While leaving the pictures out, set down only the lines from the one with "7–10 mm; Claytonia virginica" through the end of the records, exactly as they stand.
============
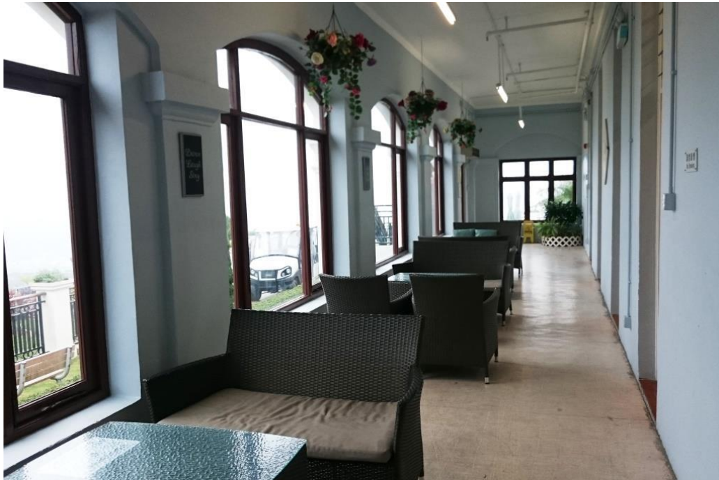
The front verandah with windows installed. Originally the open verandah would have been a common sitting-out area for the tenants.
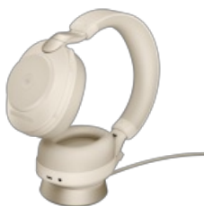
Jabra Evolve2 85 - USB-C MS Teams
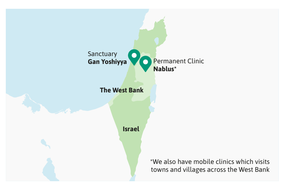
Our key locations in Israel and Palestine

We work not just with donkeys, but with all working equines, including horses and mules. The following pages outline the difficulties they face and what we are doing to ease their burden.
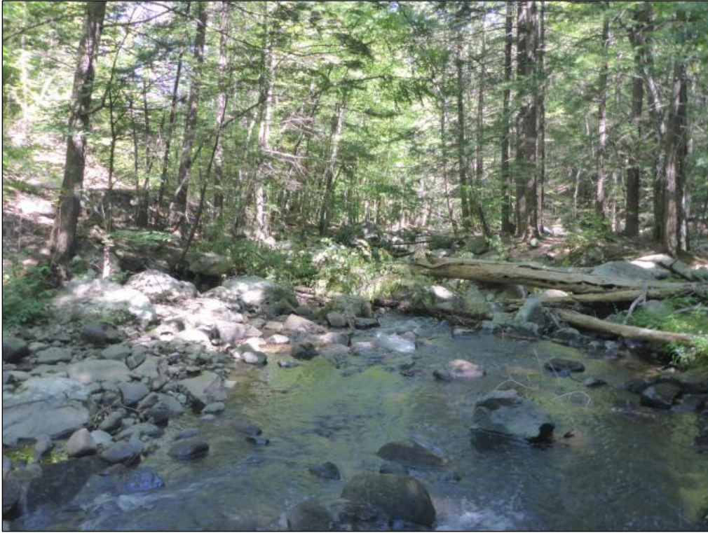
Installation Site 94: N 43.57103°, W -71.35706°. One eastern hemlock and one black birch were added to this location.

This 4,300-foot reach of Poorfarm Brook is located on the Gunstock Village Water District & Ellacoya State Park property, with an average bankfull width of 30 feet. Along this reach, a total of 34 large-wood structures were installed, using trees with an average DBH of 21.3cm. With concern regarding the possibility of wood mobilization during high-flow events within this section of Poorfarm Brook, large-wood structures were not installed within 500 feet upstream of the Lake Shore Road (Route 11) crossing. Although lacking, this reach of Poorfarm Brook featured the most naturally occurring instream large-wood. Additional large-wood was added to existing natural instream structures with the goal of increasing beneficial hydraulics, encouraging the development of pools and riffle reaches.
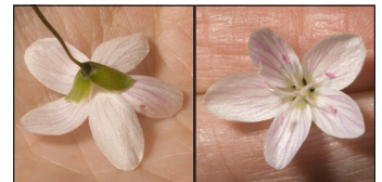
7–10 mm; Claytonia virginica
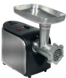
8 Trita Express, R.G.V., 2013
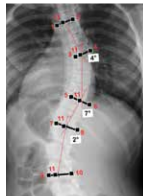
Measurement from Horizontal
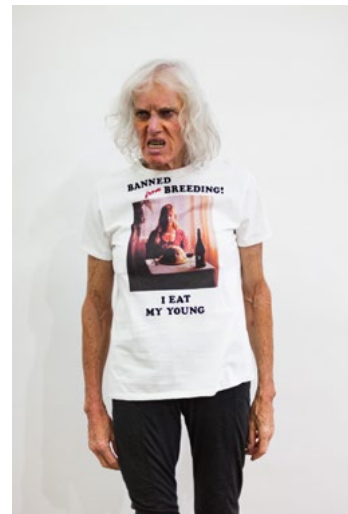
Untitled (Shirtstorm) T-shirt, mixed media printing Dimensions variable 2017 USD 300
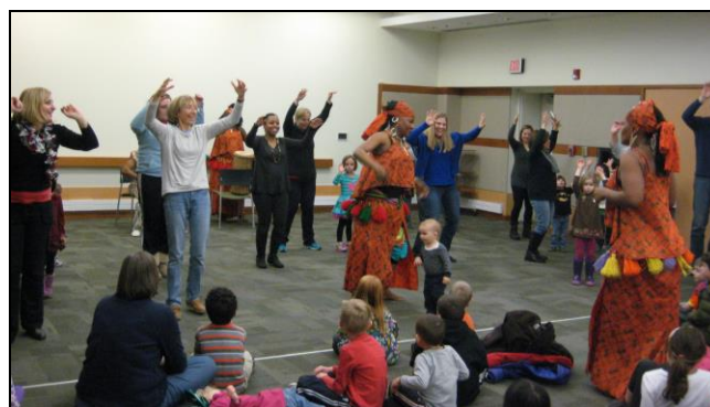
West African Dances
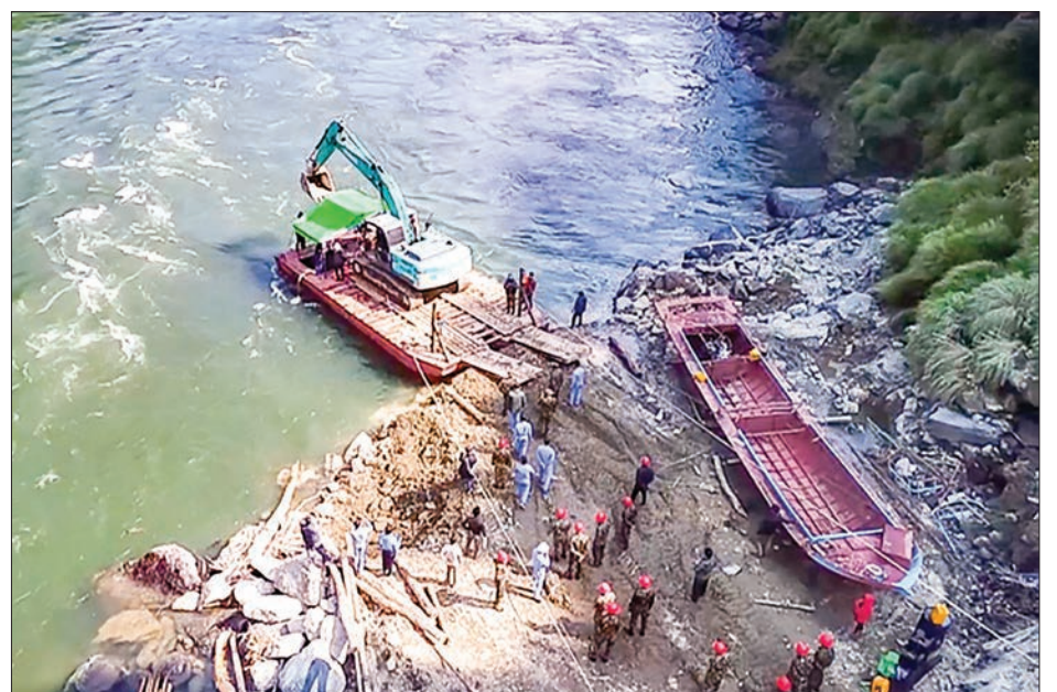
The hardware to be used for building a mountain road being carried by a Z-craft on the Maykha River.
============
Answer to the problem:
7–10 mm; Claytonia virginica
8 Trita Express, R.G.V., 2013
Measurement from Horizontal
Untitled (Shirtstorm) T-shirt, mixed media printing Dimensions variable 2017 USD 300
West African Dances
The hardware to be used for building a mountain road being carried by a Z-craft on the Maykha River.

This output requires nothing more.